Special judge Sunilkumar J. Sharma also discharged IPS officer from the Rajasthan cadre Dinesh M.N.
Reacting to the court’s order, Mr Vanzara said, “Justice has finally been done.”
In December 2014, BJP president Amit Shah was also discharged by the court in the case. He was a minister in Gujarat at the time of the gangster’s killing.
“Considering the quality of material on record against this applicant and taking into consideration the entire prosecution story, to my mind, it is clear that there is no prima facie material against this accused (Vanzara), to connect him to the killing of Sohrabuddin, much less, as one of the conspirators,” observed Judge Sharma, while discharging Mr Vanzara.
The court said that the “CBI mostly relied on statements of witnesses, which are hearsay in nature,” adding that “even the statements of the co-accused do not, in any way, directly implicate Mr Vanzara in the fake encounter”.
The court also pointed out that the probe agency had not taken the government’s sanction to prosecute Mr Vanzara.
At the time of the encounter, Mr Vanzara was heading the crime branch in Ahmedabad and Dinesh M.N. was the chief of Gujarat Anti-Terrorism Squad.
The Sohrabuddin killing case was transferred to Mumbai in September 2012 on the request of the CBI for a fair trial.
Around 15 of the accused have so far been discharged in the case.
The court is expected to frame charges against the remaining 23 accused on August 9.
Discharging the Mr Vanzara, the judge said, “The prosecution has not spoken about the presence of this accused at the spot on the date and time of abduction followed by killing of Sohrabuddin, (his wife) Kauser Bi and Tulsiram Prajapati. The prosecution against the accused is dropped in absence of prior sanction of the government as required under section 197 of CrPC.”

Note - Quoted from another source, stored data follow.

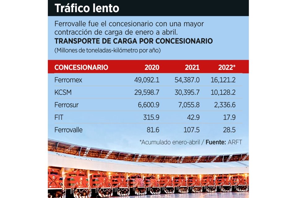 De enero a abril de 2022 se transportaron más de 28 mil 776.32 millones de toneladas por kilómetro por ferrocarril, una caída anual de 5 por ciento, señalan datos de la Agencia Reguladora de Transporte Federal (ARTF).
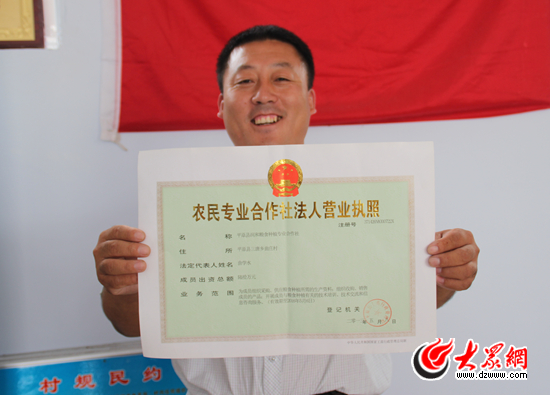 拿著合作社的營業執照,曲學水樂得合不攏嘴。記者 滿志旺 攝
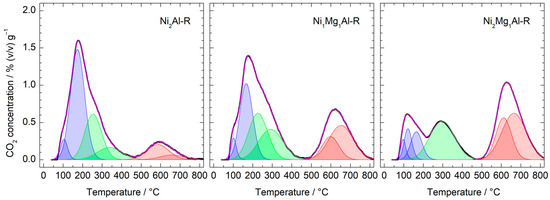 The basicity of the reduced catalysts was measured by CO2-TPD (Figure 7) and the content of basic sites calculated by deconvolution of the TCD signal (Table 6). Ni2Al-R had the higher concentration of weak sites (Td < 200 °C) and very few strong sites (Td > 500 °C). Addition of magnesium in Ni1Mg1Al-R promoted medium and strong basic sites and decreased the weak. The total content of basic sites in Ni2Mg1Al-R was lower, and it had very few weak sites but the highest content of strong sites. The large difference in the content of low and medium-low basic sites of this catalyst can be explained by the differences derived from the higher M+2/M+3 ratio used to synthesize the LDH precursor.
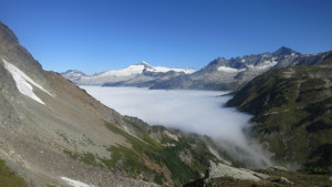 Clouds spilling over Cascade Pass. Eldorado Peak in the distance with knife ridge.
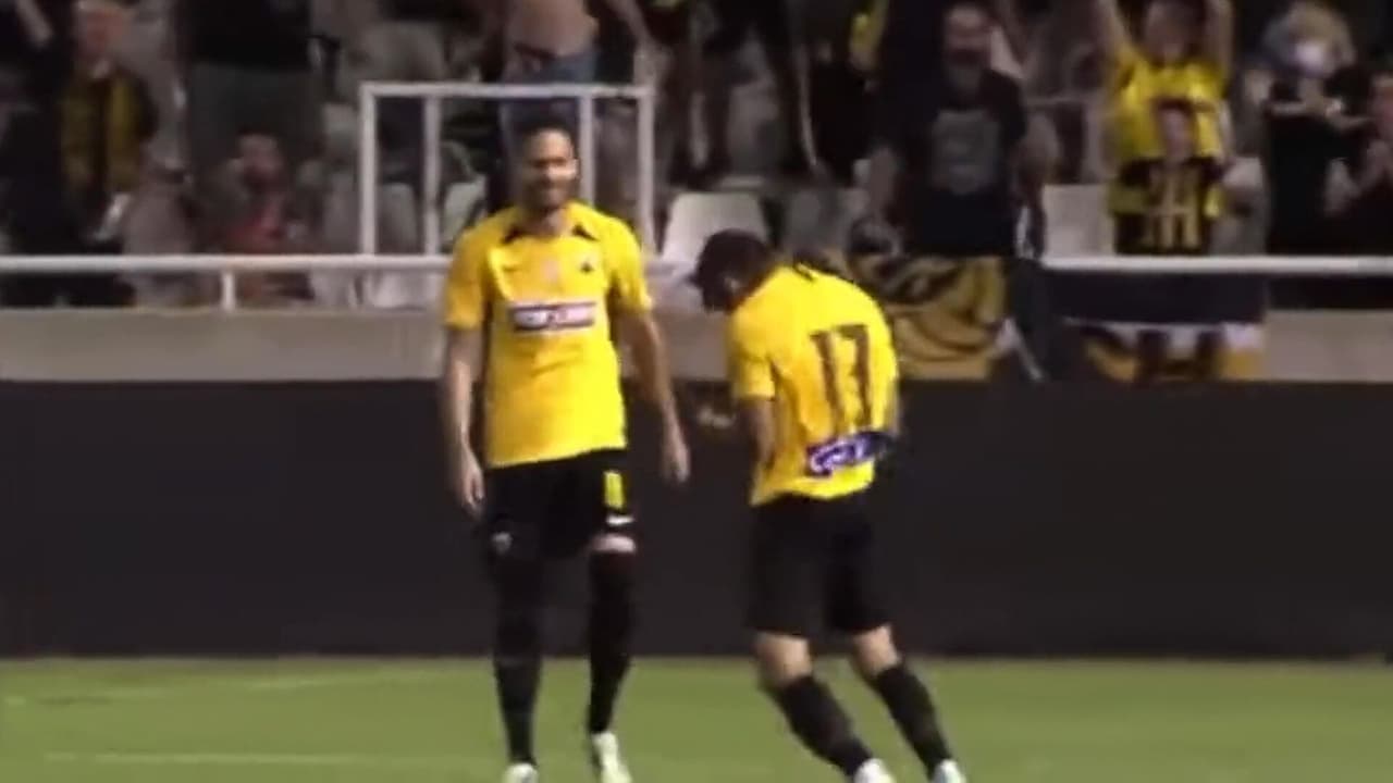 El mexicano Orbelín Pineda anotó su primer gol con el AEK de Atenas y adelantó al equipo dirigido por Matías Almeyda ante el Omonia Nicosia.

Sheikh was killed in an alleged fake encounter near Gandhinagar in November 2005, after which his wife disappeared and was believed to have been done to death.
Prajapati, an aide of the gangster who ran extortion rackets, and an eyewitness to the encounter, was allegedly killed by the police at Chapri village in Gujarat’s Banaskantha district in December 2006. In 2013, the Supreme Court had clubbed the alleged fake encounter case of Prajapati with that of Sheikh.